◆ TASK REQUIREMENTS
Pictures excluded, output the lines of the data below between the one holding "В) Почему город" and the one holding "own walls |", inclusive, exactly as they stand.

----- INFORMATION SUPPLIED -----

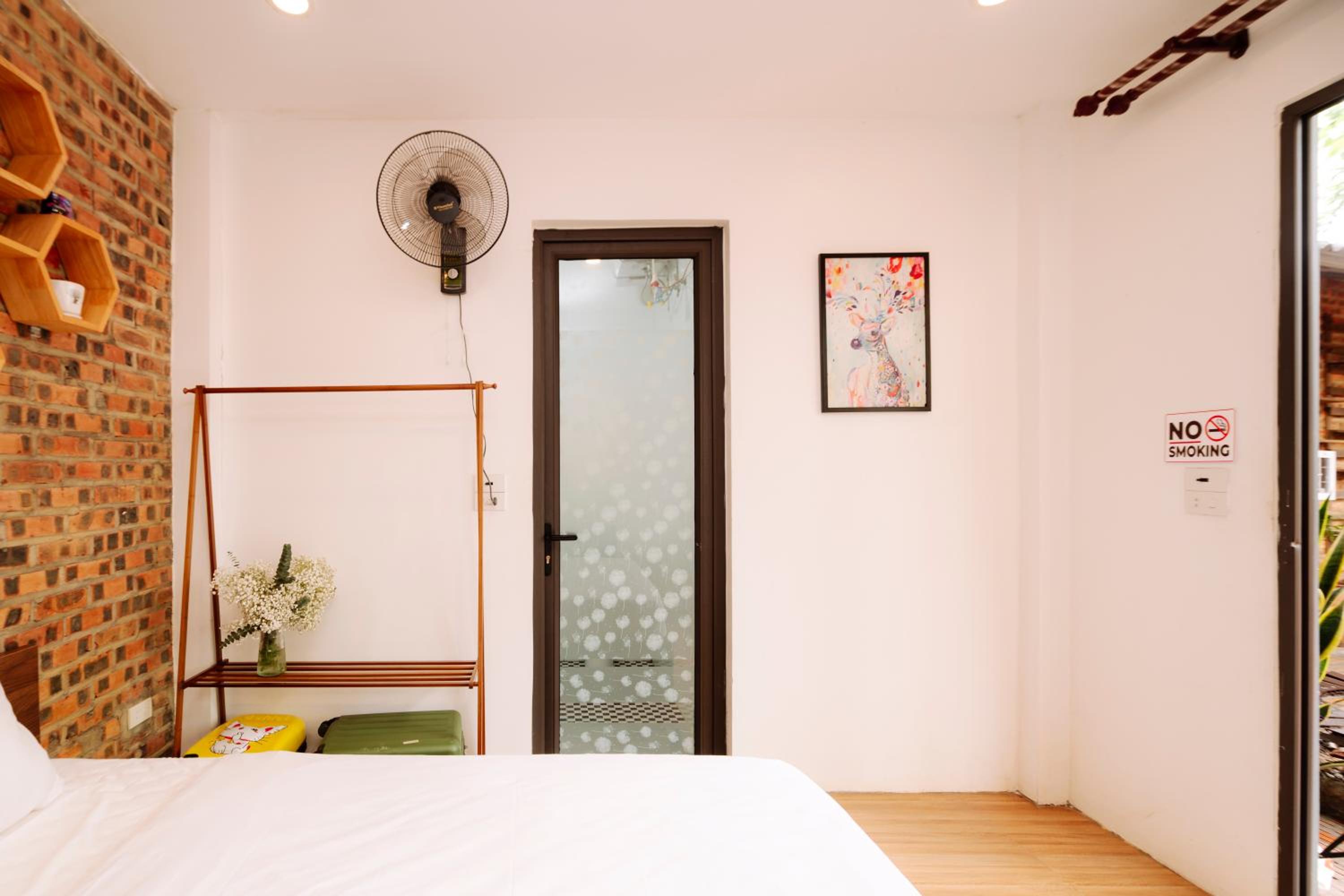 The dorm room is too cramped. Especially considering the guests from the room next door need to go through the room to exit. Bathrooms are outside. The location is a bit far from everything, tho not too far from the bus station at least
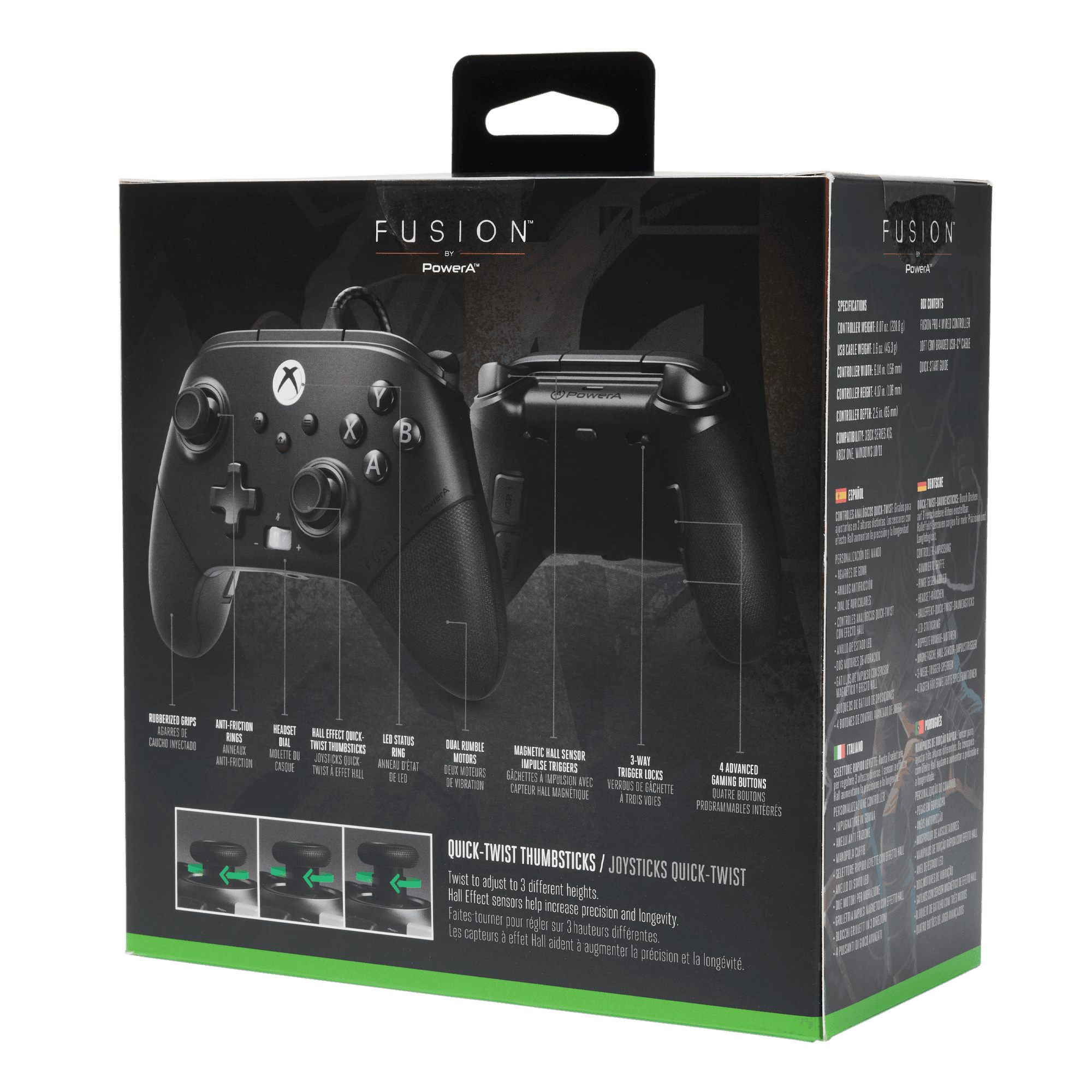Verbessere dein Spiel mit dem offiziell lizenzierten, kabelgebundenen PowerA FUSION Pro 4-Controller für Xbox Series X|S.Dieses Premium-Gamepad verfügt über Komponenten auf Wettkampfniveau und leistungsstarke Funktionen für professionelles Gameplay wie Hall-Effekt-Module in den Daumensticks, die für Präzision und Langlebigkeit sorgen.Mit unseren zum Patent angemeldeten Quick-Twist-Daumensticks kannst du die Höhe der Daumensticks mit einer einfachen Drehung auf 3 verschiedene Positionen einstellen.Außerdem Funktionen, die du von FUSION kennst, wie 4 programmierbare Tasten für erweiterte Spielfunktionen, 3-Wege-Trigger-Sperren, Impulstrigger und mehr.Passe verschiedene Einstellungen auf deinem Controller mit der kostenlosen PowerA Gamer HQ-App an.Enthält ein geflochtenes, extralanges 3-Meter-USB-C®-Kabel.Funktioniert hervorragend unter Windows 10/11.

-----
----- INFORMATION SUPPLIED -----

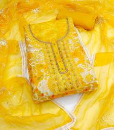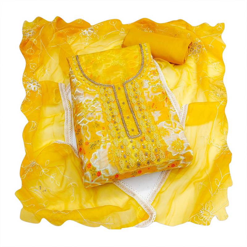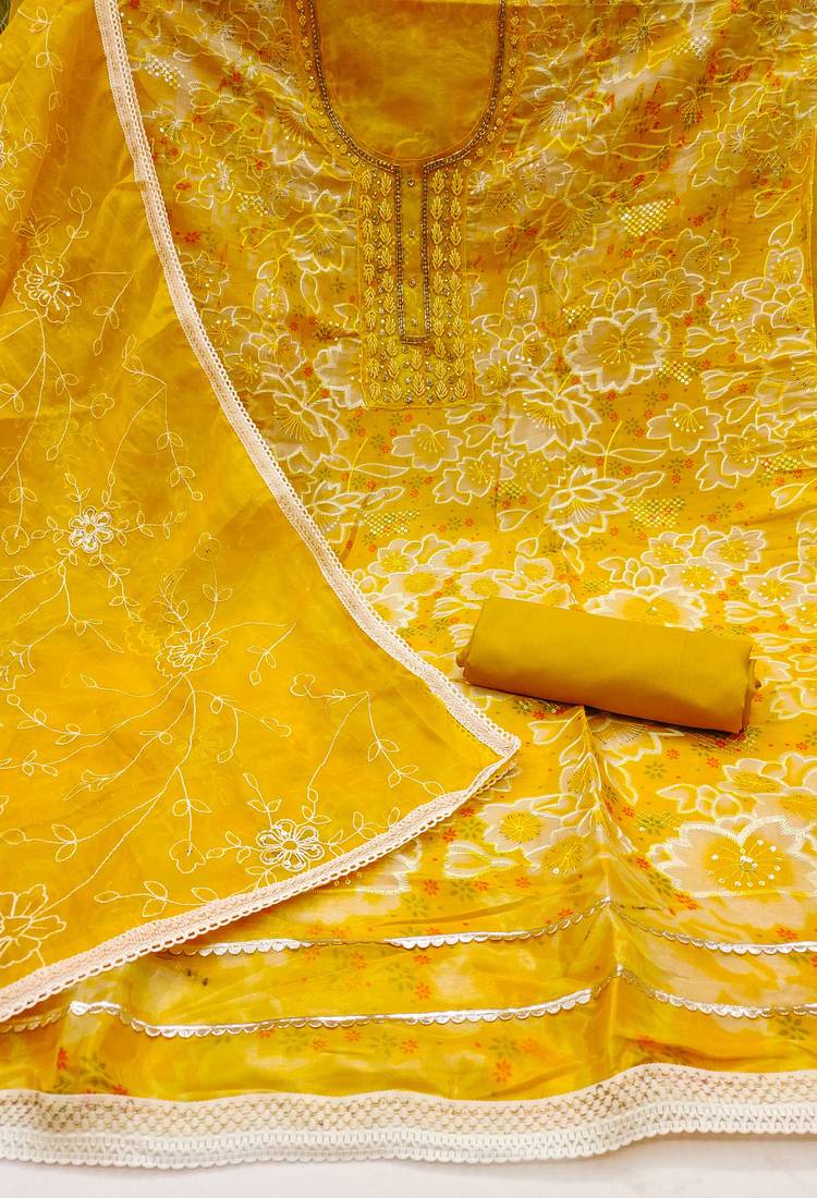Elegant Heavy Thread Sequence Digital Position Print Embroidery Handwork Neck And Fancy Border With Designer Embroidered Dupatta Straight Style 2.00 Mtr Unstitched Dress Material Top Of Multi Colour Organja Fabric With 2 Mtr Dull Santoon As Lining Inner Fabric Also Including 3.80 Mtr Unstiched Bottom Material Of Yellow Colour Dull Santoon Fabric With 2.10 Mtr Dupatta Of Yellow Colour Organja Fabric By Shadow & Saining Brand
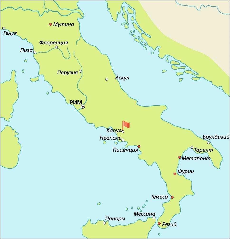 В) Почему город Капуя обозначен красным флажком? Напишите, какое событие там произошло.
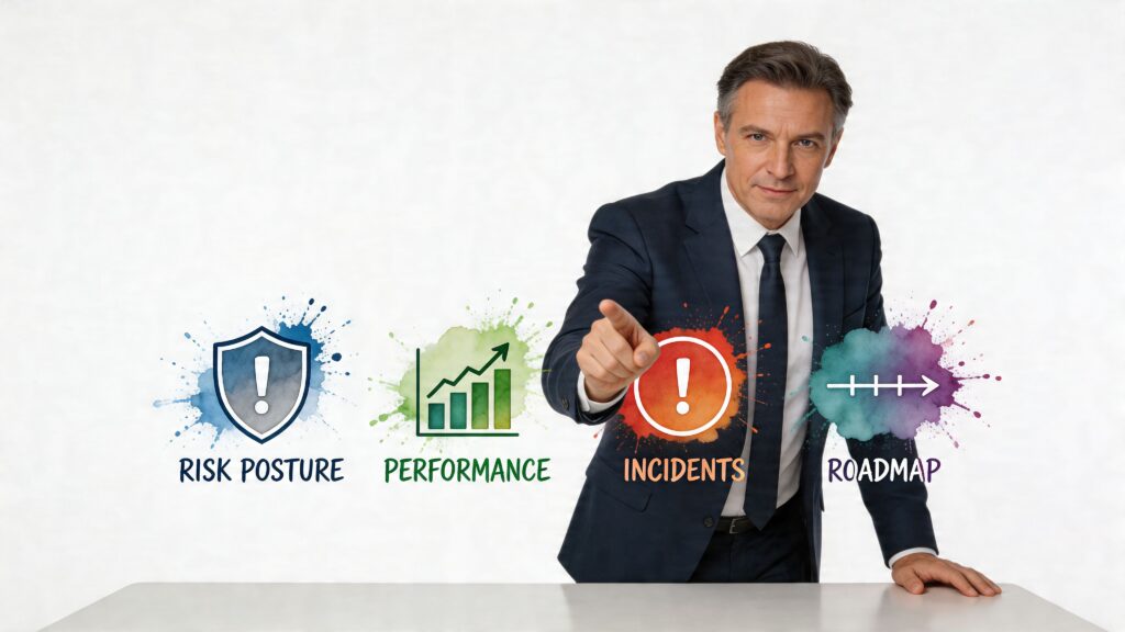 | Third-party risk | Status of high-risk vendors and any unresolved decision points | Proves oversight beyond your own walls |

-----

◆ FINAL ANSWER
 В) Почему город Капуя обозначен красным флажком? Напишите, какое событие там произошло.
 | Third-party risk | Status of high-risk vendors and any unresolved decision points | Proves oversight beyond your own walls |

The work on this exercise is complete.